Une autre explication possible pour le fonctionnement atypique du SNA dans l’autisme serait la haute prévalence d’anxiété dans ce syndrome. En effet, on estime à entre 7% et 30% la cooccurrence d’un trouble anxieux dans le TSA (Wood & Gadow, 2010). De plus, l’anxiété est étroitement liée avec les symptômes fondamentaux de l’autisme. En effet, les personnes TSA sont souvent en mesure de comprendre la portée de leurs déficits sociaux, ce qui crée de l’anxiété. Par ailleurs, l’anxiété peut exacerber les symptômes de l’autisme de sorte que l’anxiété vécue lors de situations sociales difficiles mènerait les personnes TSA à s’isoler davantage (Lang, Regester, Lauderdale, Ashbaugh, & Haring, 2010; White, Oswald, Ollendick, & Scahill, 2009). Puisque la voie sympathique du SNA est activée lors de la réponse d’anxiété (Kreibig, 2010), l’hyperactivation sympathique dans l’autisme est une observation cohérente. Les recherches futures devraient tester plusieurs autres mesures de fonctionnement du SNA et les mettre en relation avec des mesures du fonctionnement comportemental dans le TSA.

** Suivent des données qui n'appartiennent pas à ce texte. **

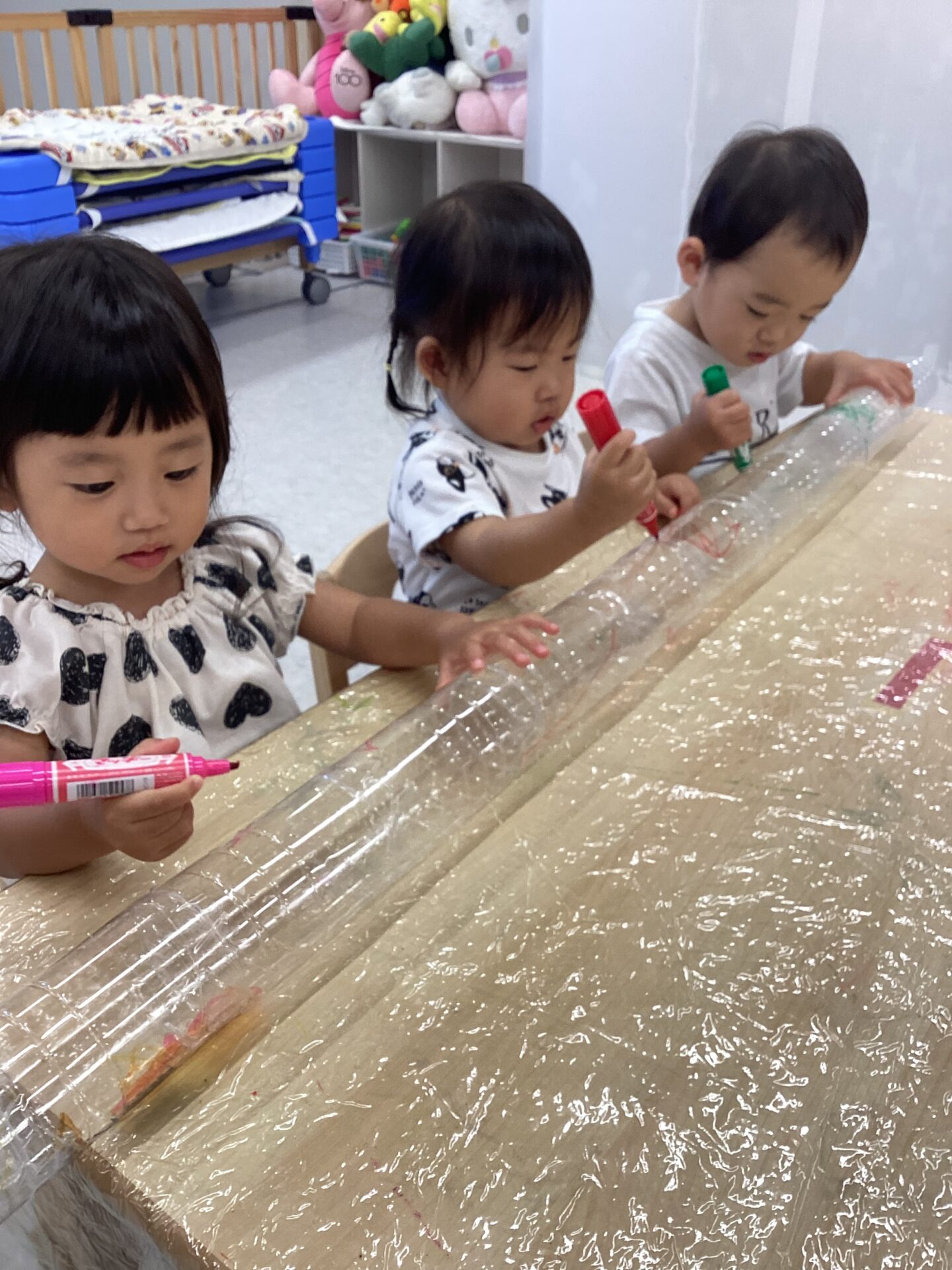 なにか柄があるといいよね!ということで、子どもたちにも協力してもらい、自由にペットボトルに色をつけました!
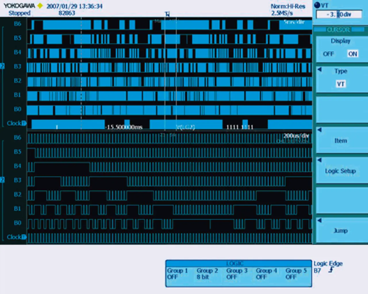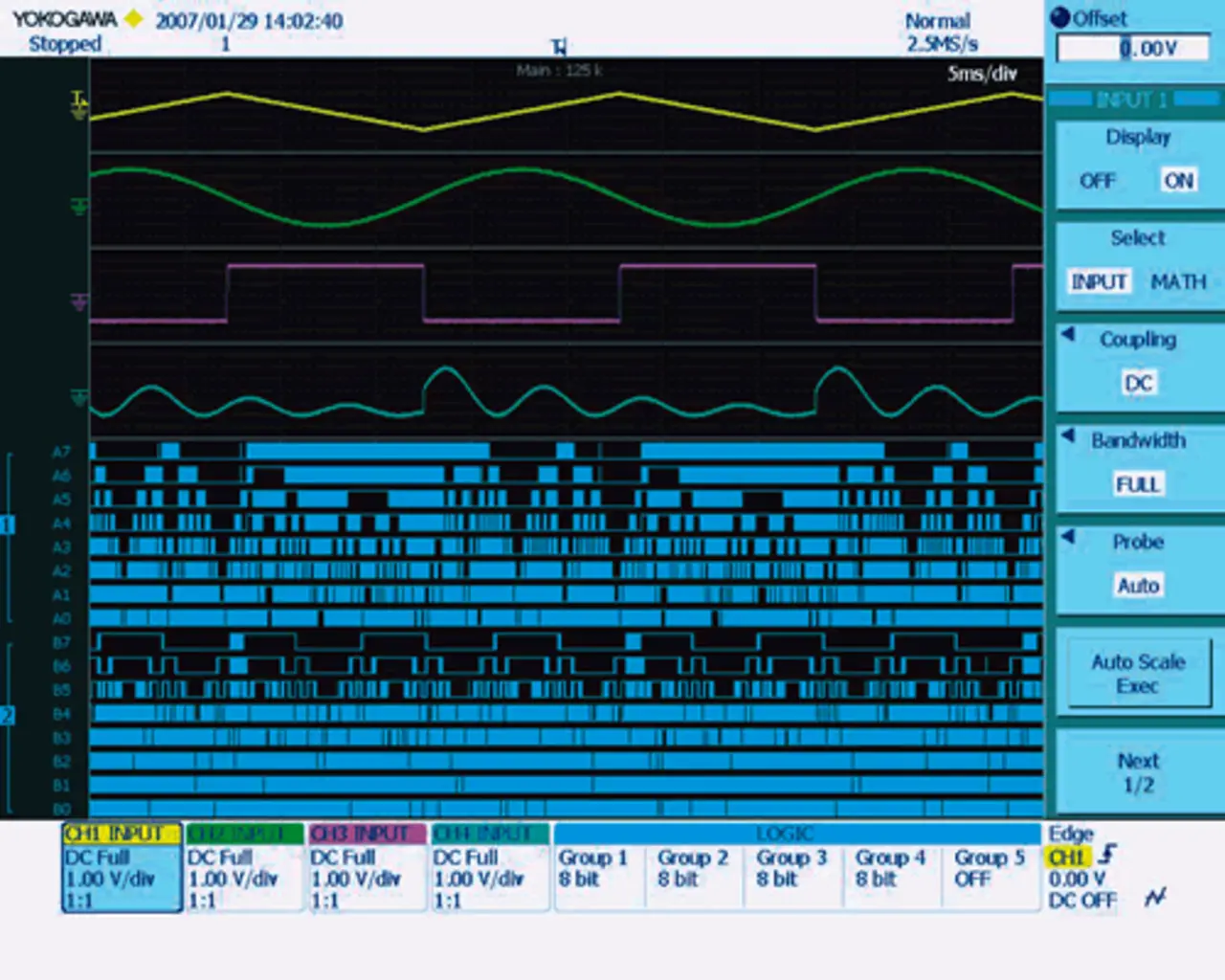 Für all diese Funktionen und insbesondere für die komplexe Signaldarstellung ist im Scope eine beachtliche Prozessorleistung notwendig. Selbst bei zugeschalteten Mess- oder Mathematikfunktionen umfassender Art bleibt die Bildschirm-Aktualisierung im Millisekunden-Bereich. Dies ist gerade bei der Darstellung einer großen Anzahl von gemischten Signalen wichtig, da hier die Analyse naturgemäß mehr Zeit erfordert und deshalb ein schnelles MSO wünschenswert ist.
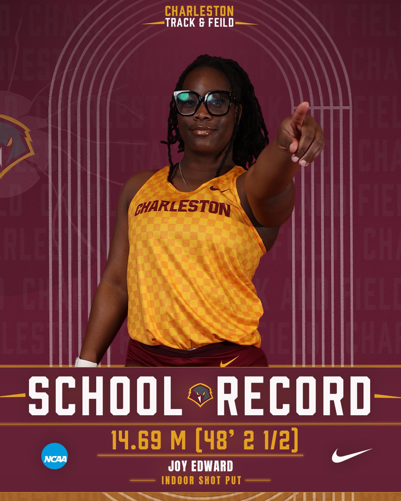 At the Akron AL Campbell Invitational, Joy Edward got a first-place finish and a school record in separate events at the Stile Athletics Field House in Akron, Ohio. An incoming transfer to the University of Charleston, Edward threw 14.69m for the school record in shot put, just six inches off her 2024 indoor national record. She then threw a personal-best 17.59m to win the 20-lb weight throw.

Des structures du système nerveux central peuvent aussi être impliquées dans la production de réponses atypiques du SNA. Il est connu que les personnes avec un TSA présentent des différences structurelles et fonctionnelles des amygdales cérébrales, qui sont des composantes du système limbique responsable et de la régulation des émotions. En effet, les personnes autistes montrent une surcroissance des amygdales tôt dans le développement

(Mosconi et al., 2009) et des activations atypiques lors de tâches sociales et émotionnelles (Amaral & Corbett, 2003). Les amygdales contrôlent aussi les réponses du SNA par l’entremise des projections à l’hypothalamus. Cette structure est aussi activée lors du sentiment de menace et d’incertitude et active la voie sympathique du SNA (Yang et al., 2007). Ainsi les atypies des amygdales cérébrales pourraient être la cause d’un fonctionnement anormal du SNA dans l’autisme. Des investigations plus poussées sur la relation entre ces deux structures devraient être réalisées pour enrichir la compréhension de ces atypies.